Buckminster Fuller, in his preface to No More Secondhand God, asserts that one of the counterbalances to chaos is the human body's everyday function. "My continuing philosophy is predicated," he writes, "on the assumption that in dynamical counterbalance of the expanding universe of entropically increasing random disorderliness there must be a universal pattern of omnicontracting, convergent, progressive orderliness and that man is that anti-entropic reordering function of universe." We are here, he suggests, to become conscious of the universe's patterns even as our very existence is predicated on unconscious autonomic reflexes. He explains that, "no man is conscious of pushing his plus 1,000,000 individual hairs out through the scalp of his head in special colors and unique shape patternings at some man-preferred rates. Man does not even know why he has hair. No men are conscious of a quadrillion times a quadrillion brain constituting atoms inter-patterning at 186,000 miles per second inside their heads. No men are conscious of coordinating their heartbeats and their breathing, even though they know that their hearts beat and that they breathe. No men are conscious of extracting the complex of energetic chemistries from their digestive systems and distributing those energies to the unique energy storages in their respective complexes of glands. No men consciously multiply their flesh cells."

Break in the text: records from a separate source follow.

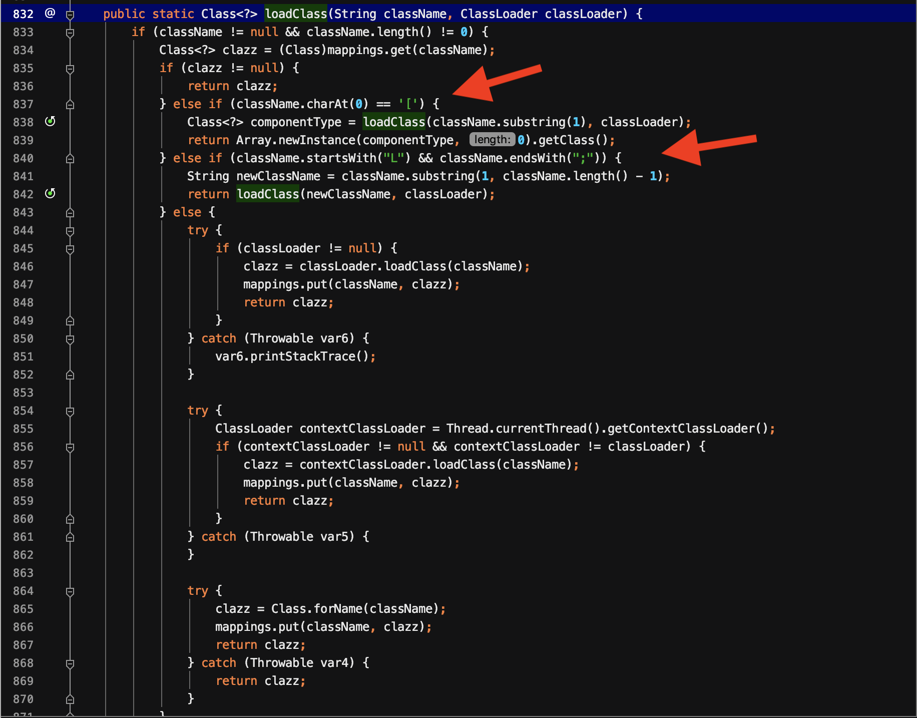 前面黑名单的判断是用startsWith()这样的函数,这就给了攻击者可乘之机。再加上以[开头会实例化一个长度为0的Array,这里会出错。因此,只能利用className以L开头。且以;结尾的方式。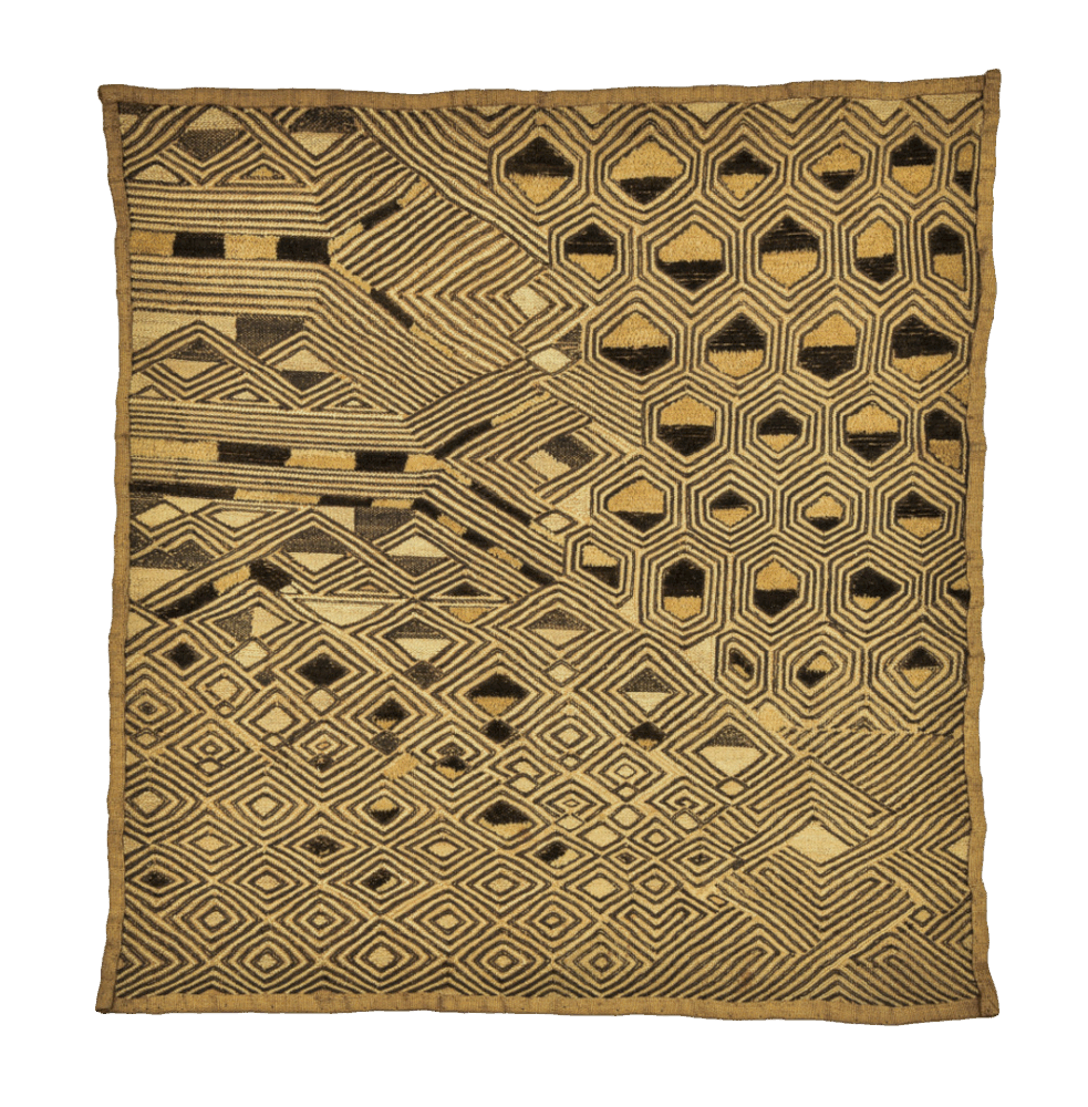 Originating from the Democratic Republic of Congo, Kuba raffia cloths are rich in cultural significance. Traditionally used in royal courts or funerary rites, the cloths on view primarily from the 1980s, reflect generations of craftsmanship and spiritual expression. These prestige textiles have long fascinated the global art world. By the late 19th century to early 20th century, they appeared in the European markets and were acquired by artists such as Henri Matisse, Suzanne Valadon, and Sonia Delaunay.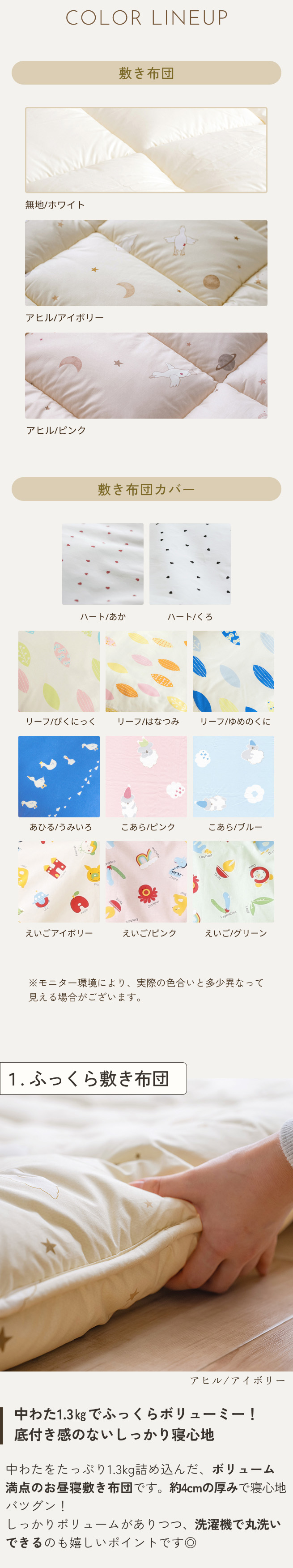 大切なお子様のために『安心のお昼寝敷きふとん』をお届けします!1.お昼寝敷き布団サイズ:75cm×128cm 中わた重量:1.3kg ご家庭の洗濯機で手軽に洗える!お子様に清潔で快適な寝具環境を!寝汗をかいたり、おねしょをしたりと何かと汚れがちなお子様のお昼寝布団ですが、これなら安心!ご家庭の洗濯機で洗えます!『眠る』ことは、成長期の子どもにとって大切な要素!毎日のお昼寝を快適に心地よくしてあげましょう。

Buckminster Fuller is an astounding thinker. He outlines that delicate balance—chaos & order, conscious ambition & unconscious possibility—that the textsound project is built around. Our contributors provide that patterning of heartbeat and breath; they are the arterial ligament which connects the lungs to the aorta. Issue 7 is the whirr of the intercellular highway which usually remains unconscious and in the background. This issue brings the unconscious into consciousness. And this, Mr. Fuller would say, is why man is here on earth.